Cumhurbaşkanı Yardımcısı Fuat Yılmaz, anti-semitizm ile ilgili yürüttüğü değerlendirmelerde dikkat çekici açıklamalarda bulundu. Yılmaz, anti-semitizmin köklerinin Avrupa'da bulunduğunu ve bu konuda yapılacak araştırmaların önemine dikkat çekerek, dünya genelinde bu nefret söyleminin nasıl oluştuğunu sorguladı. Yılmaz, bu söylemlerin uluslararası boyutlardaki etkilerinin ve sonuçlarının da gözden geçirilmesi gerektiğini ifade etti. Özellikle Avrupa'nın tarihsel geçmişinin, anti-semitik yaklaşımların kökenlerini anlamada kritik bir öneme sahip olduğunu belirtti.

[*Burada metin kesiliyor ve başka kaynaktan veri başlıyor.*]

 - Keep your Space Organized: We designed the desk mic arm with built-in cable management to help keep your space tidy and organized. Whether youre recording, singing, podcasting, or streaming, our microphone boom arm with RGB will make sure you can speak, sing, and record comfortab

Yüzyıllar boyunca, Avrupa'da çeşitli din ve etnik gruplara yönelen düşmanlıklar, anti-semitizmin de şekillenmesinde etkili olmuştur. Orta Çağ'dan itibaren uygulanan çeşitli ayrımcı politikalar, Yahudilere karşı yoğun bir nefretin beslenmesine zemin hazırladı. Yılmaz, “Bugün hala Avrupa'daki birçok ülke, geçmişte yaşanan bu trajedilerin bedelini ödüyor” diyerek, tarihteki önemli olaylara atıfta bulundu. Holokost'un Avrupa'daki en karanlık dönemlerden biri olduğunu hatırlatan Yılmaz, bu dönemde yaşananların sadece geçmişte kalmadığını, günümüzde de benzer duyguların yeniden canlandığını kaydetti.

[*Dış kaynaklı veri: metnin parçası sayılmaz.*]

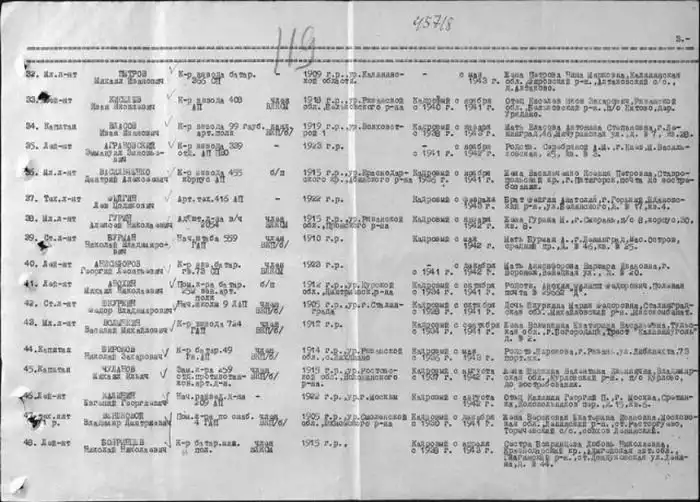 воевал в 23-й гв. сд в 1-й УА. В РККА с 1936 года. Пропал без вести в 1943. Полк в это время воевал под Старой Руссой в районе Залучья. В списке под номером 44.

Günümüzde anti-semitizmin yeniden yükselmesi, sadece Avrupa'nın değil, tüm dünyanın dikkatini çeken bir konu haline gelmiştir. Yılmaz, “Bu sorun, sadece bazı Avrupa ülkeleriyle sınırlı değil. Anti-semitizmin izlerinin Amerika'dan Asya'ya kadar uzandığı bir gerçek" dedi. Almanya, Fransa gibi ülkelerde artan anti-semitik eylemler, sosyal medyada yayılan nefret söylemleriyle daha da derinleşiyor. Yılmaz, bu bağlamda Avrupa'nın etkilerini incelediğini ve neler yapılabileceğini tartıştığını belirtti. “Anti-semitizmi sorgulamak istiyorsak, Avrupa'nın geçmişine dönmek zorundayız” diyen Yılmaz, bu sorunla mücadelede tarihi olayların ders çıkarılması gerektiğini vurguladı.
Birçok Avrupa ülkesindeki devlet yetkilileri, karşıt görüşlü sosyal gruplar ve aşırı sağcı partilerin artan popülaritesinin anti-semitizm üzerindeki etkilerini gün geçtikçe daha iyi anlamaya başladılar. Yılmaz, “Bu durumu göz ardı edemeyiz. Avrupa'da ve diğer bölgelerdeki yükseliş, sadece siyasi bir problem değil, aynı zamanda insani bir meseledir" diye ekledi. Nefret söylemleri karşısında toplumların ortak bir tavır alması, siyasi liderlerin de bu sorunu ciddiye alması gerektiğini belirten Yılmaz, “Toplumlar, bu durumu reddettiği sürece, anti-semitizm gibi sorunların üstesinden gelemeyecekler" dedi.
Sonuç olarak, Cumhurbaşkanı Yardımcısı Fuat Yılmaz, anti-semitizmin sadece bir yanılgı değil, derin köklere sahip bir sorun olduğunu ortaya koyarken, Avrupa'nın tarihsel bağlamının bu mücadelede ne denli önemli olduğunu vurguladı. Yılmaz, Türkiye'nin anti-semitizmle mücadelesinde diğer ülkelerle iş birliği yapması gerektiğini belirtirken, bu sorunun çözümü için ortak politikaların oluşturulması çağrısında bulundu. “Herkesin bu konuda üzerine düşeni yapması şart. Aksi halde geçmişteki hatalarımızı tekrarlamış olacağız" diyerek mesajını net bir şekilde iletti.